### PROBLEM TO WORK ON
Shown below are entries with pictures; the line with "Adding water to" through the line with "G6KF Natural Gemstones" is the span to retype exactly, and the pictures stay out.

Records drawn from a dataset:
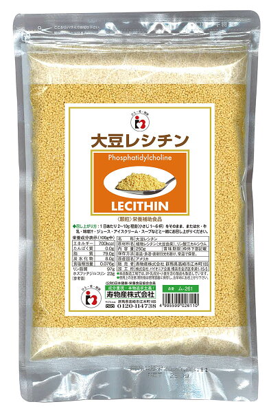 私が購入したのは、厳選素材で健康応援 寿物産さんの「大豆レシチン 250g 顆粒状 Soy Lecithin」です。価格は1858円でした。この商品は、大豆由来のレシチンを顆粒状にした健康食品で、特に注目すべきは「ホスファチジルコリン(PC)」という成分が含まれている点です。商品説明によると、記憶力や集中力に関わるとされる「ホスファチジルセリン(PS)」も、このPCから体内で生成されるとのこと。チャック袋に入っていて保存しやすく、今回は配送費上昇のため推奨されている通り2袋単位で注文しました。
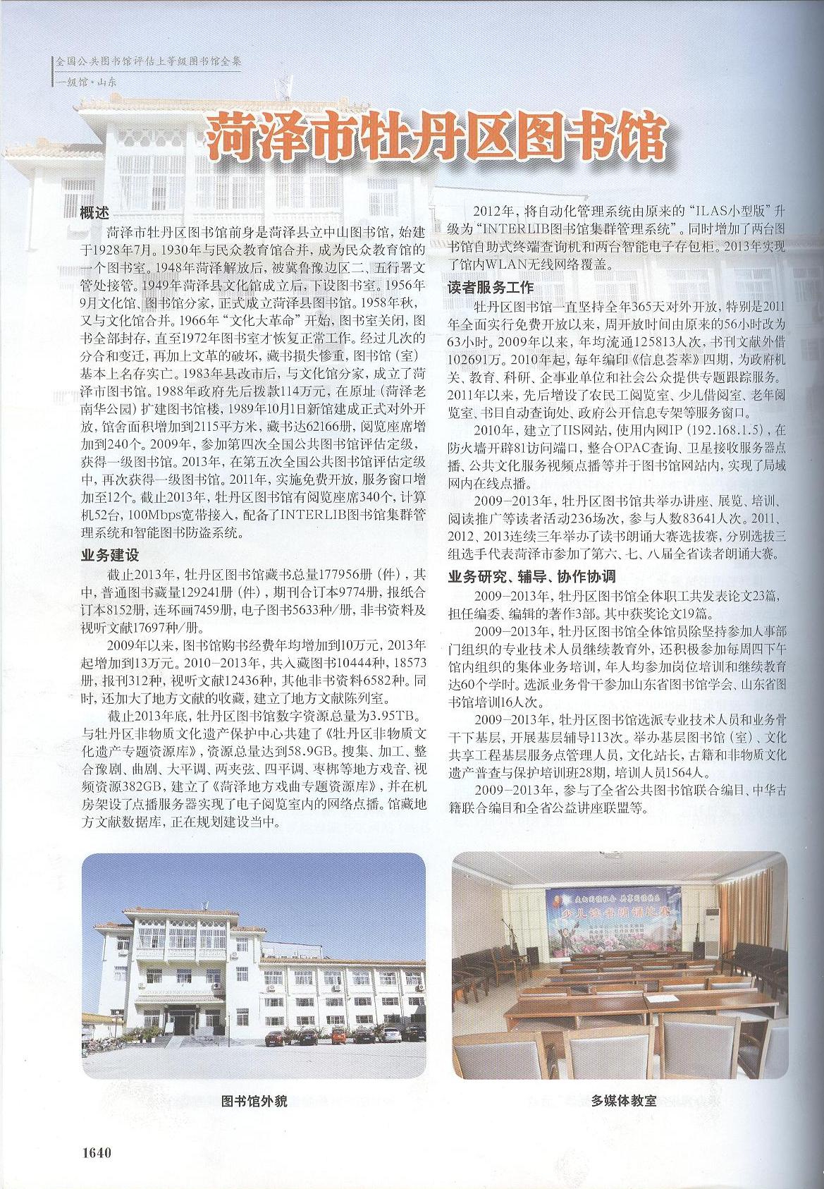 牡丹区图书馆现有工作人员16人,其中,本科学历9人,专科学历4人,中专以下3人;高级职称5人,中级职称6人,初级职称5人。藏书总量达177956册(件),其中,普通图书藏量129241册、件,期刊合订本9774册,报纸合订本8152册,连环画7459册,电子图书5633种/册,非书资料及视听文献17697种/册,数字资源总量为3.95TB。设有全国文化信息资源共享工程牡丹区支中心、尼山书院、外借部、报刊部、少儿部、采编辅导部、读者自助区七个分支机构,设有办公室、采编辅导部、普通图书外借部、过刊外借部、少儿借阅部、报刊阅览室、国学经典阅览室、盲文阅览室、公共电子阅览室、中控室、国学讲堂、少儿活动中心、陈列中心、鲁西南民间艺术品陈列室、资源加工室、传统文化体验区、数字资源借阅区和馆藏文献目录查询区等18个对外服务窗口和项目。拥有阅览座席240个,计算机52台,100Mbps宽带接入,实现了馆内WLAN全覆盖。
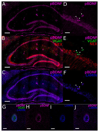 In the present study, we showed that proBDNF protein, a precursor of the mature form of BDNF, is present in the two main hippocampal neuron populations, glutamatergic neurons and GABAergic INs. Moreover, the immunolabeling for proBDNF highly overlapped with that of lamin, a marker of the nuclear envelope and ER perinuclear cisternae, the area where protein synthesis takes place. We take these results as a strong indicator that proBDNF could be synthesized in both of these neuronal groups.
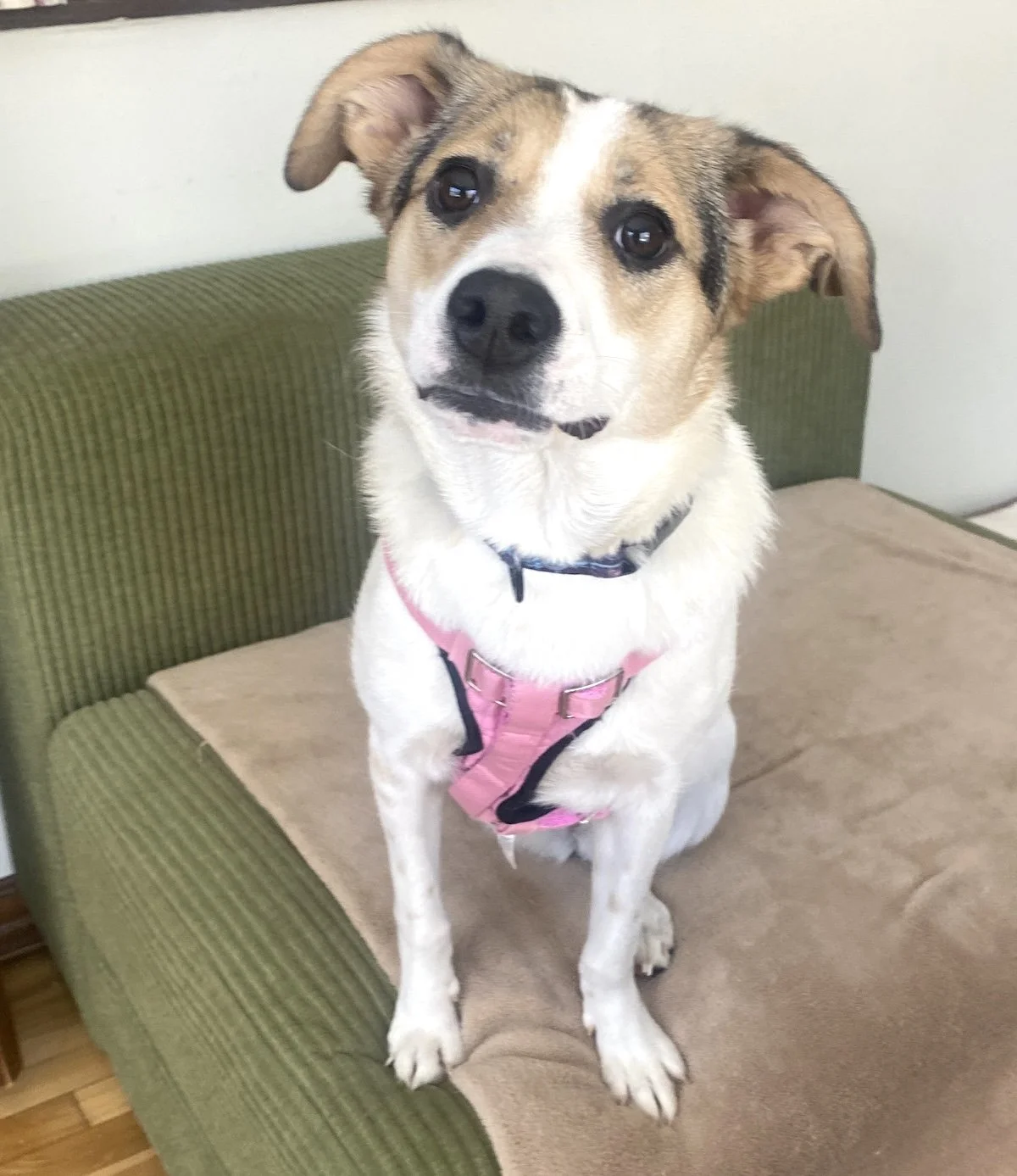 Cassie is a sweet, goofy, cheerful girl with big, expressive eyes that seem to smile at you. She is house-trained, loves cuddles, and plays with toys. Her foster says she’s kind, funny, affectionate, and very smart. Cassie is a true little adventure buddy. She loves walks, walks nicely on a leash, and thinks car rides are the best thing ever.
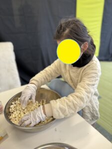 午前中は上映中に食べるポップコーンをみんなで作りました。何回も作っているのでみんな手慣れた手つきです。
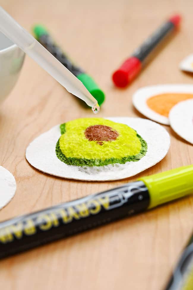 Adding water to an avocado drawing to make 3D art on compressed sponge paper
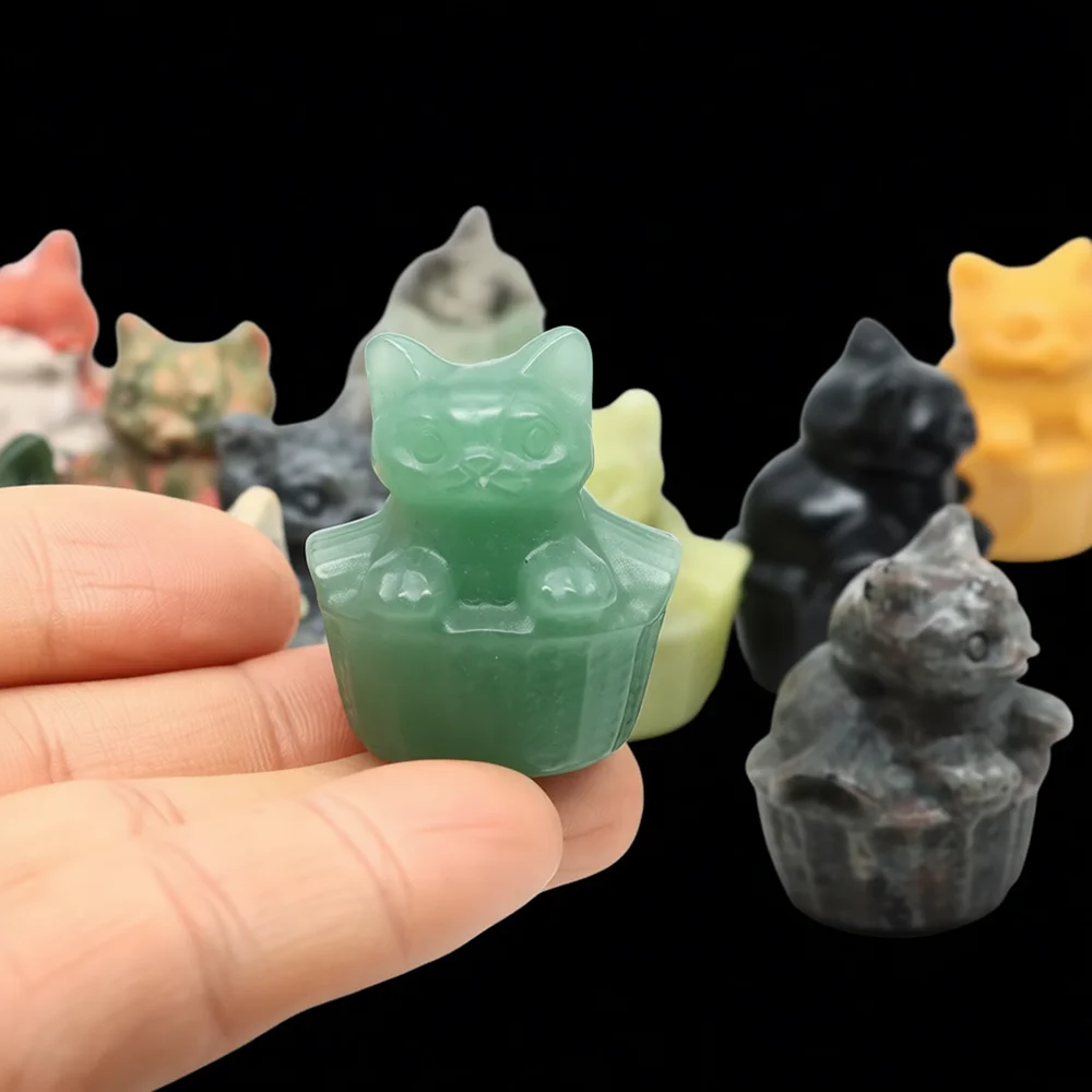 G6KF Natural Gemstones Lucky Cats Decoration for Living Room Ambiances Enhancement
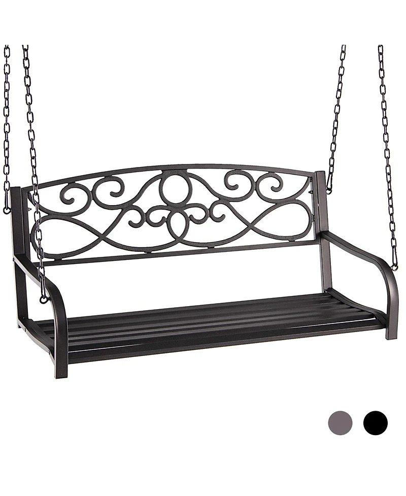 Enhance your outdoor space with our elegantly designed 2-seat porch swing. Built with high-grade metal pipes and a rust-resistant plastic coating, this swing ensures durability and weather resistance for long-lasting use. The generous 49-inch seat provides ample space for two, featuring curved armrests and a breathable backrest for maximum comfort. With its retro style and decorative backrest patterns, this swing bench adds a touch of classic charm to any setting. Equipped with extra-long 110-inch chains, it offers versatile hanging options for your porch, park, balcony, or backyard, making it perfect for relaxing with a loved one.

### RESULT OF THE TASK
 Adding water to an avocado drawing to make 3D art on compressed sponge paper
 G6KF Natural Gemstones Lucky Cats Decoration for Living Room Ambiances Enhancement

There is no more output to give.